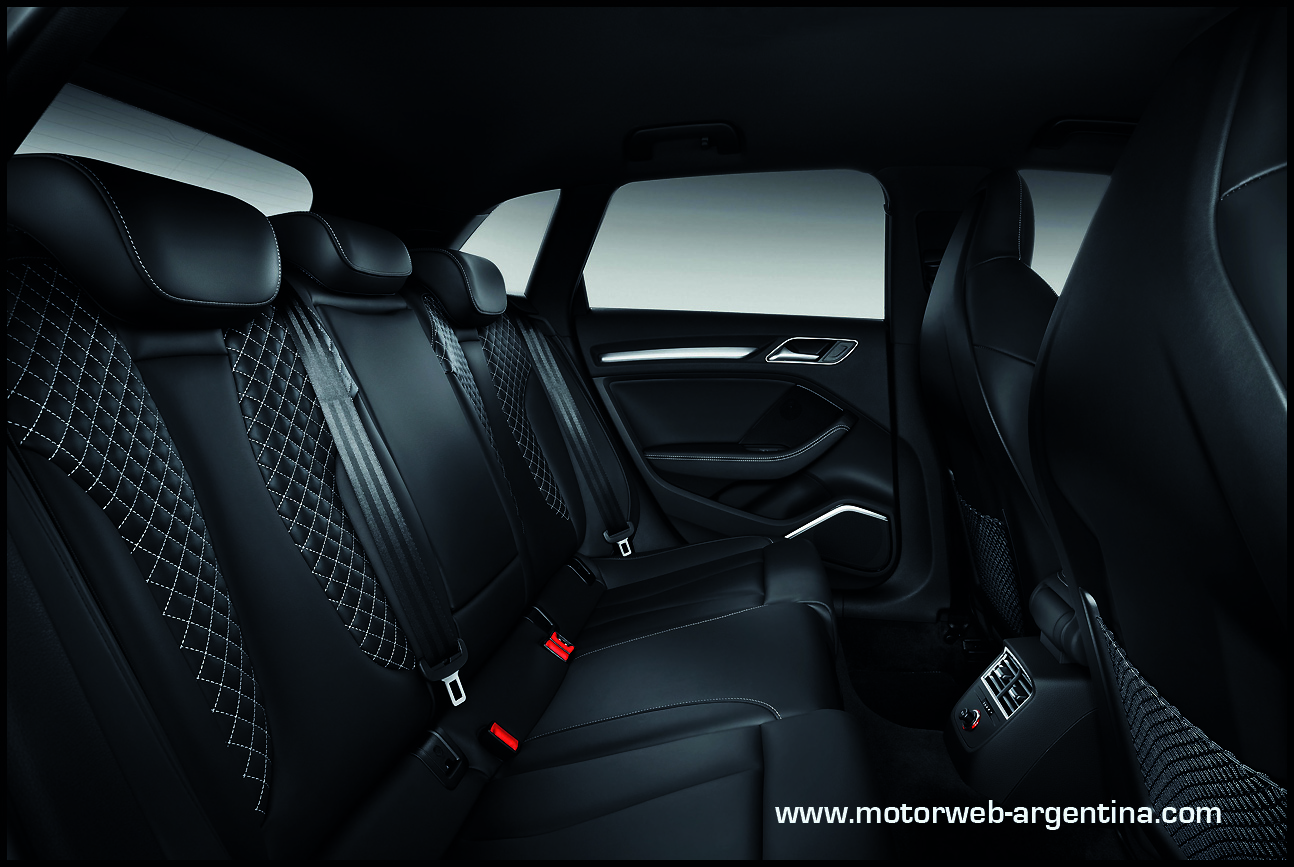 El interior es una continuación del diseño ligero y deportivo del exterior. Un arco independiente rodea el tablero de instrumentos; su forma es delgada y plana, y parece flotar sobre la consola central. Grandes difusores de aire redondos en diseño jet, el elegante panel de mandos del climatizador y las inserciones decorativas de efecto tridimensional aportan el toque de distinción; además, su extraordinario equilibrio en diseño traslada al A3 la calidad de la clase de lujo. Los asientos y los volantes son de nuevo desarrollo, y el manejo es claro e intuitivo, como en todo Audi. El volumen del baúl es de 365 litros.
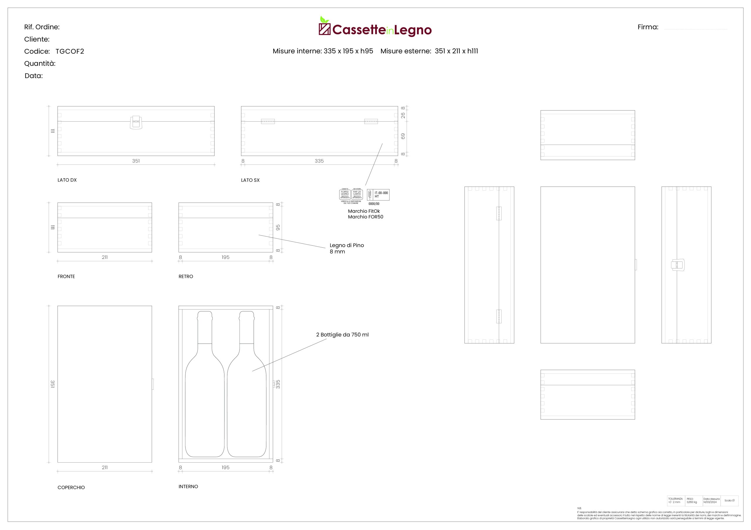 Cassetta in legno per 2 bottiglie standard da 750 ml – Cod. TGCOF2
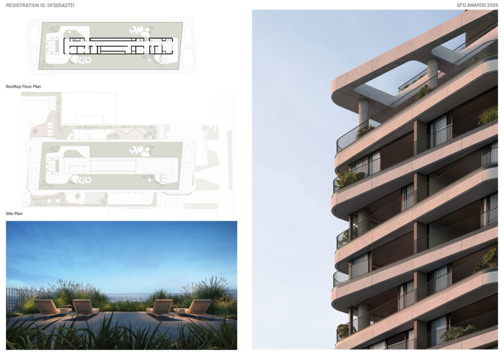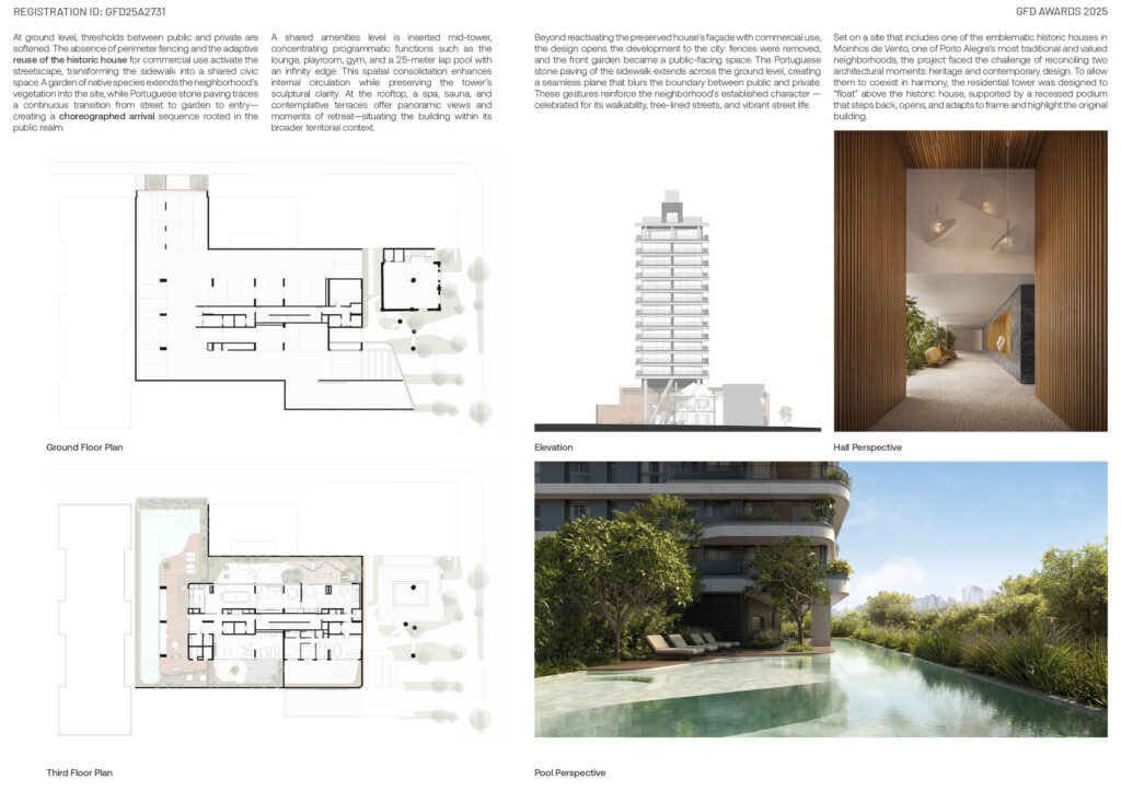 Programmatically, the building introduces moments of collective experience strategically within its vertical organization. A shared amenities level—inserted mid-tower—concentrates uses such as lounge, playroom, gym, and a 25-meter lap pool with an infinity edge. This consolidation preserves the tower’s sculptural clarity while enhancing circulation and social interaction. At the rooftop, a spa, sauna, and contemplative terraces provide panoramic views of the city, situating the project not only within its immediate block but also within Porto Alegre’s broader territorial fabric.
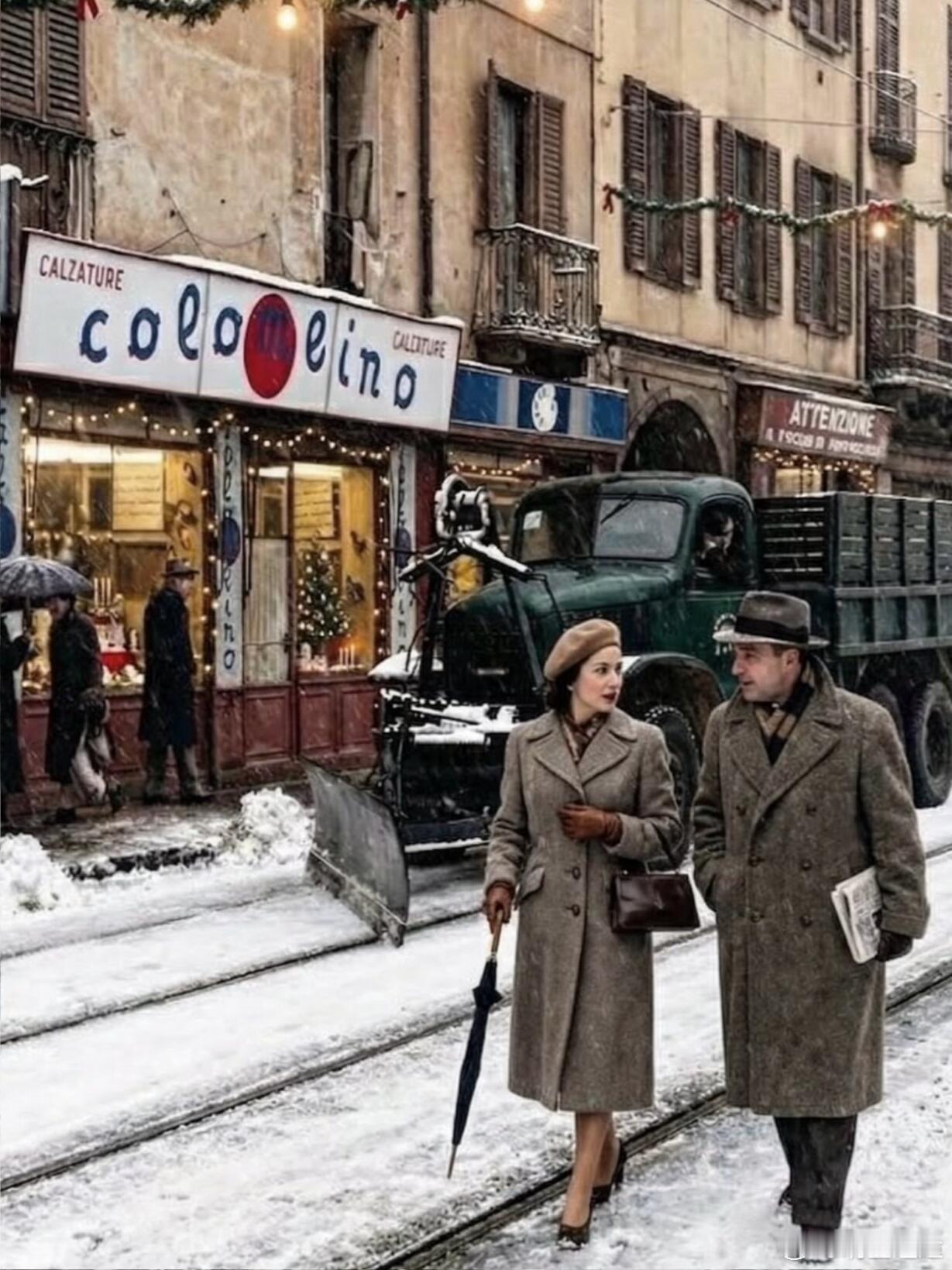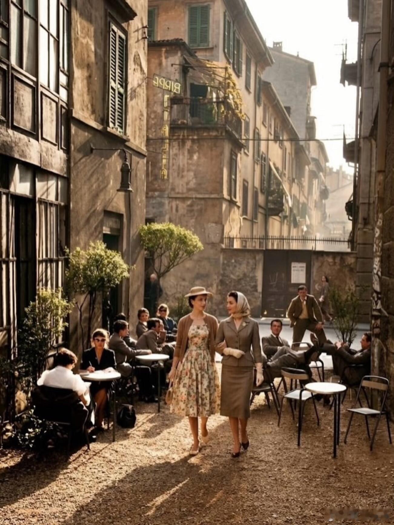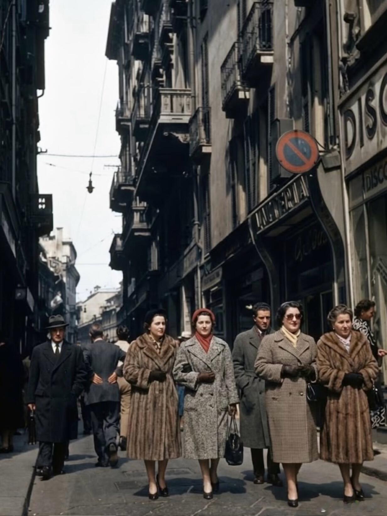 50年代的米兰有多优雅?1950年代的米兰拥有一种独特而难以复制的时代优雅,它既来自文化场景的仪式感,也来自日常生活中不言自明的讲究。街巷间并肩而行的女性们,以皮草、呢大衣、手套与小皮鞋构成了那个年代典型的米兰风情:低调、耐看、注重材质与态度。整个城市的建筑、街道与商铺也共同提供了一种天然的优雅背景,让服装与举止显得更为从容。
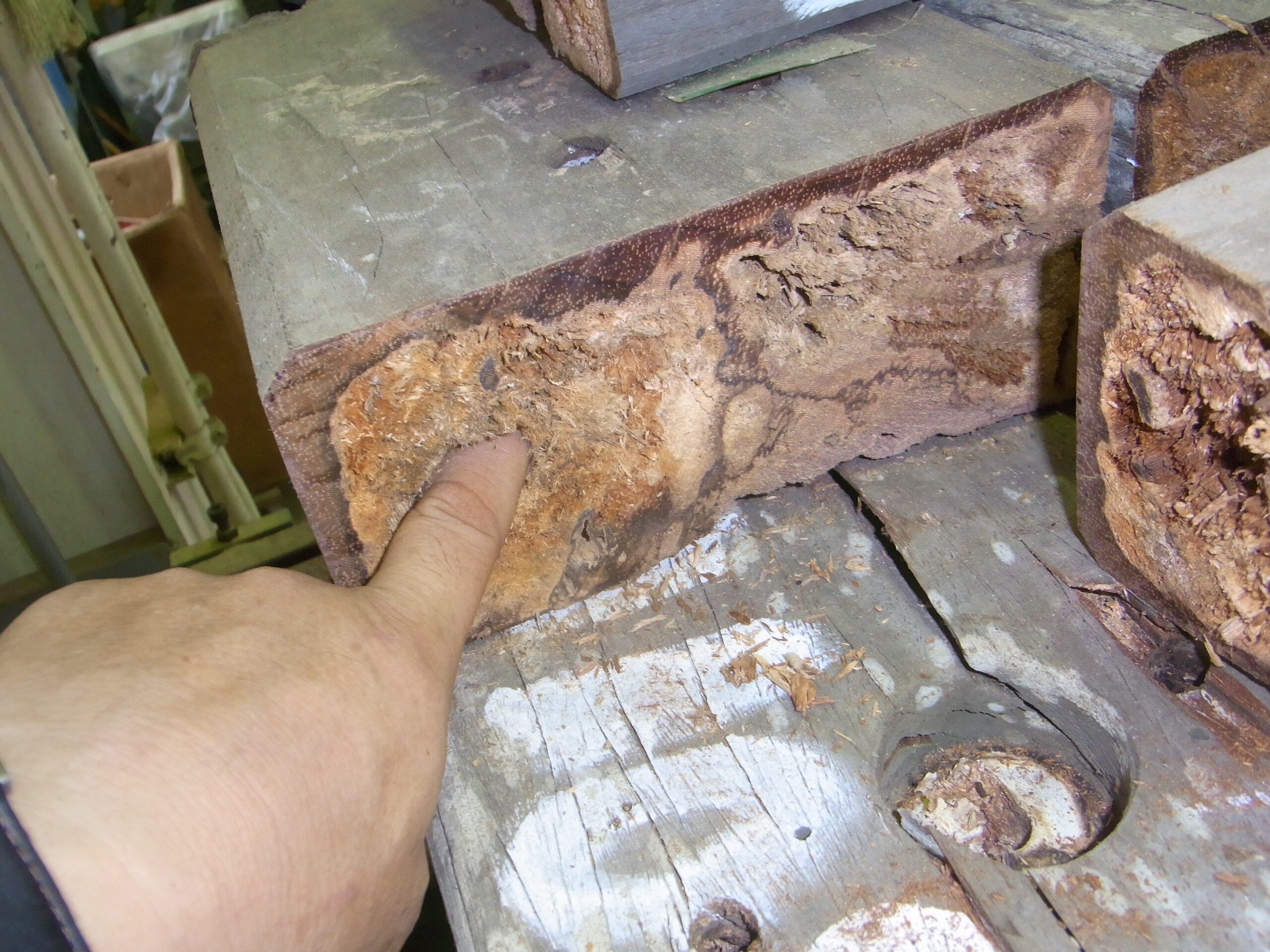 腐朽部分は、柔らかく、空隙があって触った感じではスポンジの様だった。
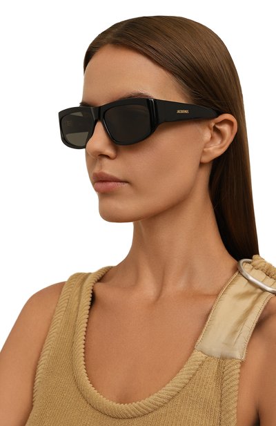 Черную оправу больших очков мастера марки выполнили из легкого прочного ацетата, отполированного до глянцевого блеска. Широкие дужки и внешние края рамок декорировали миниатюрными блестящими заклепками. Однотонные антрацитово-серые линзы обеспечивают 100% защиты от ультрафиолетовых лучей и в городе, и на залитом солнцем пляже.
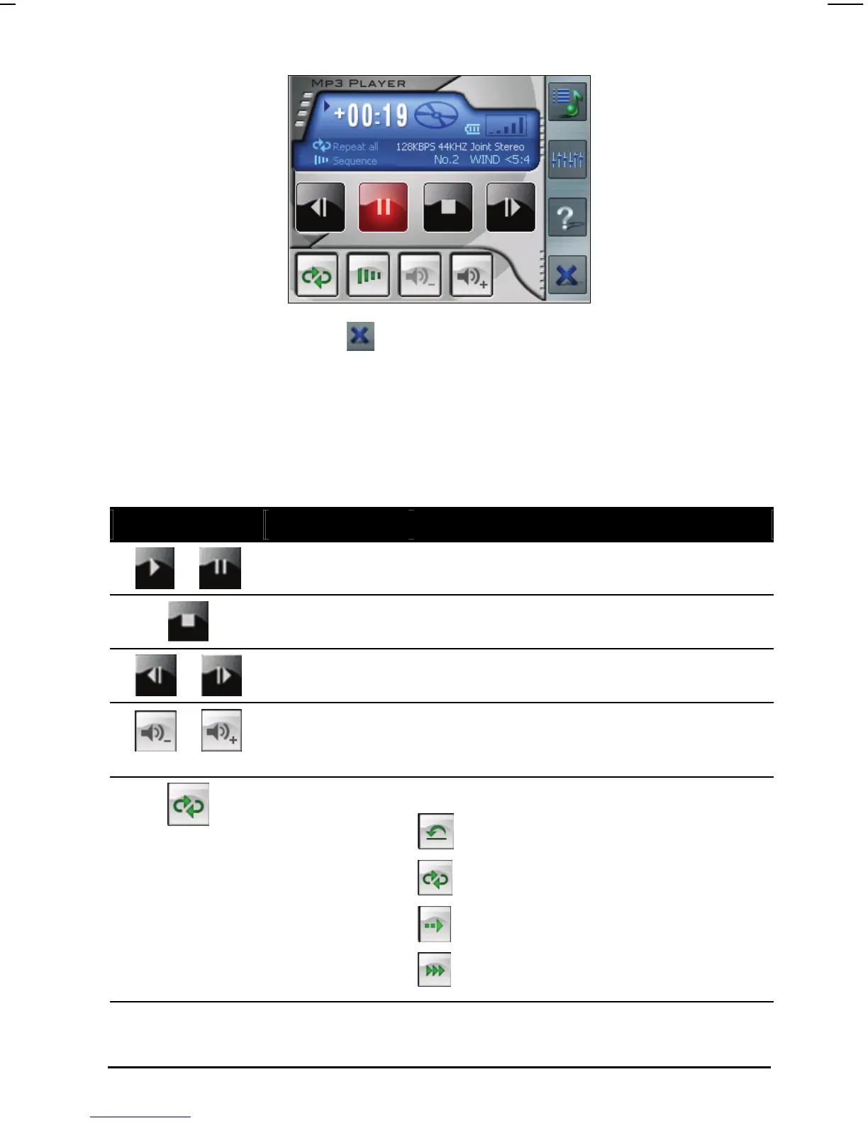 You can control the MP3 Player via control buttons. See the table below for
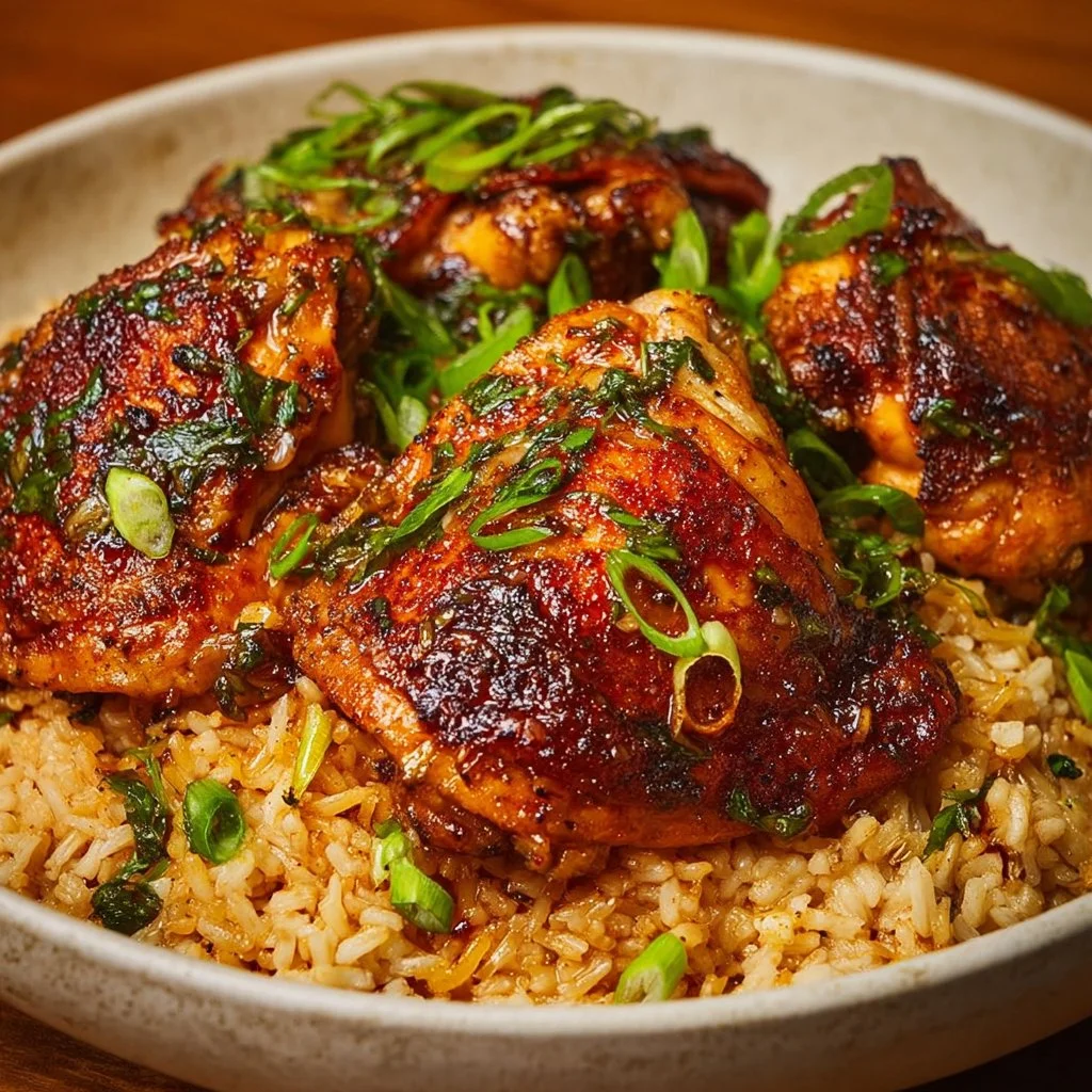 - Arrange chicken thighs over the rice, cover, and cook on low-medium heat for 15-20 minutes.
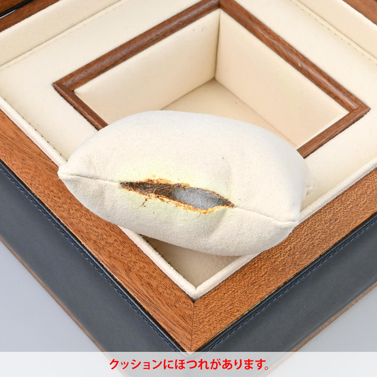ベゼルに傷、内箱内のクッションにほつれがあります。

→ TO DO
All lines from the one containing "- Arrange chicken" through the end of the data are to be written out exactly, with nothing added; skip the pictures.

→ ANSWER TO THE PROBLEM
 - Arrange chicken thighs over the rice, cover, and cook on low-medium heat for 15-20 minutes.
ベゼルに傷、内箱内のクッションにほつれがあります。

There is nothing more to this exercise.